Intanto Teodoro che è rimasto in ginocchio, presso l’affresco, ode distintamente queste parole: “Ciò che tu vedi, gli altri non potranno vedere. Cerca l’acqua mia e la troverai”.
E finalmente, il 21 novembre 1962, dopo tante ricerche, tra fango e pantano, Teodoro trova l’acqua. Vengono alla luce non una, bensì quattro polle di acqua.
E’ acqua sorgiva che, liberata da detriti, sassi e canne, proprio in quella zona paludosa appare limpida.
Teodoro si mette in ginocchio, prende l’acqua con le due mani, ringrazia la Madonna, si lava il viso e la beve.
Da quel giorno molti fedeli raggiungono Jaddico per prendere l’acqua e portarla agli ammalati. Tanti ricevono grazie per intercessione di Maria.
La data del 27 maggio 1963, è quella dell’ultimo appuntamento visibile con la Madonna, l’ultima illuminazione. Sono presenti 70 e più persone.
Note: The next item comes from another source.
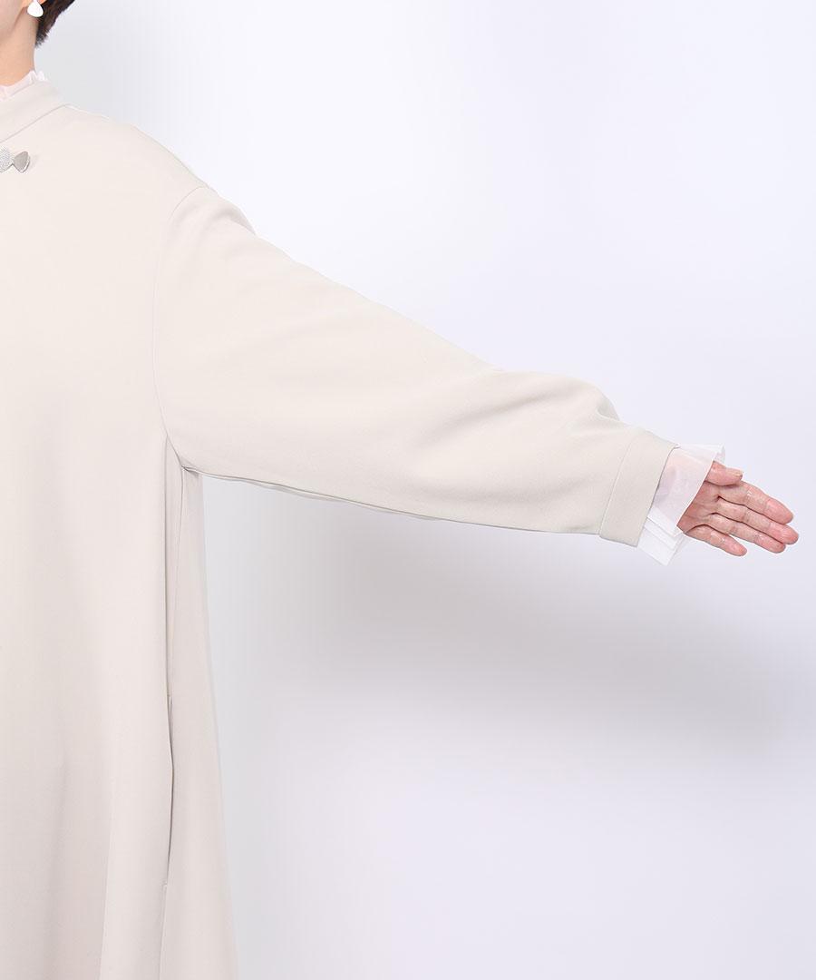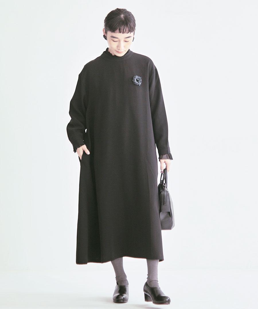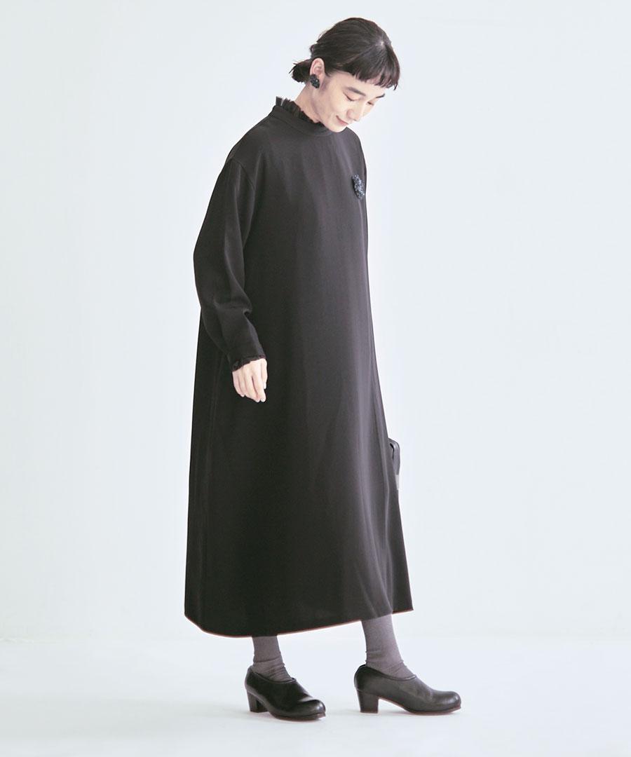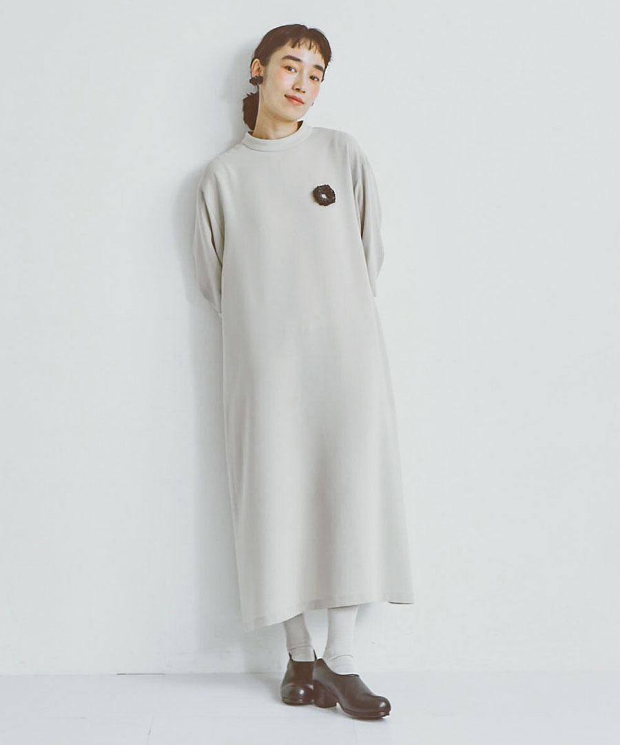 トリアセテート特有のドレープ感にパウダリー感とふくらみを兼ね備えた、上品な質感のワンピース。

Terminata la recita del Santo Rosario, all’interno del rustico dell’erigenda chiesa , le persone si spostano tutte sulla strada, per le ultime preghiere, prima di prendere la via del ritorno. Recitano le 15 Ave Maria, (all’epoca erano 15 i misteri del rosario – n.d.a.), il Padre Nostro, il Gloria, il Credo e la Salve Regina e stanno per concludere con l’invocazione: “O Maria concepita senza peccato, pregate per noi che ricorriamo a voi!”, quando nel buio si sente un grido: “Ecco la Madonna!”.
Questa volta non è la voce di Teodoro a farsi sentire, ma quella di una ragazza sordomuta, che nel pianto indica il quadro della Madonna che in quel momento si illumina.

IL SANTUARIO

E’ ormai convinzione di moltissimi fedeli e pellegrini del Santuario di Jaddico che la Madre di Dio, venerata in questo luogo davanti alla sua sacra immagine, che stava per essere completamente distrutta, abbia ricevuto da nostro Signore un incarico particolare, quello di proteggere tutti quelli che vengono a presentarle le proprie necessità.
Il Santuario è luogo di raccoglimento e di preghiera. E’ aperto giorno e notte. Chi entra percepisce una straordinaria sensazione di pace e di serenità, che lo spinge a tornare. Le grazie più grandi sono quelle interiori.
Molte conversioni avvengono grazie all’intercessione di Maria che con amore materno, discreto e delicato, riporta a Gesù chi da Lui si era allontanato.